Methods of genetic diagnostics have been developed for some forms of PPA. Primary progressive aphasia is differentiated with speech disorders and dementia caused by cerebrovascular diseases, neuroinfections, encephalopathies (uremic, hepatic, etc.), tumor processes, neurological disorders with vitamin B12 deficiency, Neumann-Pick type C disease, etc.
Treatment
Drug therapy
To date, no effective therapy has been proposed that can stop or significantly slow down the progression of PPA. We are talking about the possible stabilization of the condition and maintaining the quality of life. For symptomatic purposes
- NMDA antagonists are prescribed. Against the background of the use of memantine in patients with primary progressive aphasia, there is a moderate improvement in cognitive functions.

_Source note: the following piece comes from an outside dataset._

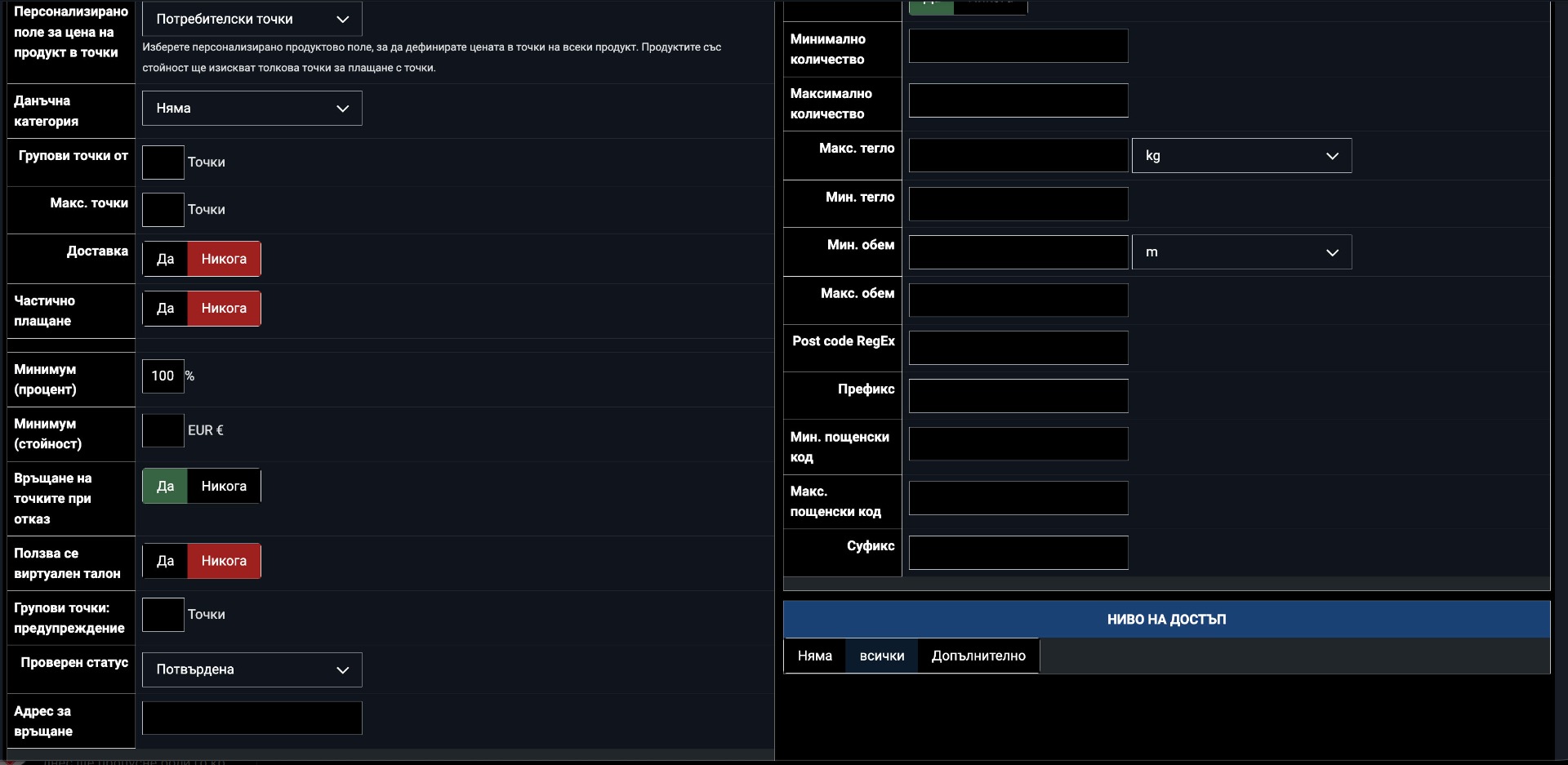 In your "Pay with Points" payment method configuration, you have "Partial payment" set to "No" and "Minimum (percent)" set to 100%. This means the customer must pay the full amount in points or not at all. To allow partial payment (points + money), set "Partial payment" to "Yes" and lower the minimum percentage. For example, setting the minimum to 0% would allow the customer to use whatever points they have and pay the rest with another payment method.

- Dopaminomimetics. Levodopa and bromocriptine are used both to eliminate the symptoms of parkinsonism and to overcome articulatory dyspraxia.
- Cholinesterase inhibitors. Drugs of this group reduce the severity of cognitive deficits, help control behavioral disorders, slow down the progression of dementia.
- SSRIs. They are prescribed for the development of behavioral and affective disorders.
- Other drugs. A certain effect is given by long-term use of nootropic drugs. Correction of vitamin D deficiency is being carried out.
Logotherapy
Patients with PPA are shown systematic classes with a speech therapist-aphasiologist, psychologist. In the process of logotherapy, speech perception is improved, articulation difficulties are reduced, although in general these positive changes are insignificant and temporary. To compensate for language difficulties, special mobile applications, PECS cards can be used.
Prognosis and prevention
In general, the prognosis is characterized as unfavorable, since in all cases of primary progressive aphasia, an increase in aphasic disorders and dementia is recorded. The average life expectancy after diagnosis is 8-10 years.
Specific preventive measures have not been developed. As well as to prevent other types of dementia, it is recommended to eliminate possible risk factors (dyslipidemia, obesity), compensation for concomitant pathologies. Conducting active mental activity throughout life has a certain protective effect.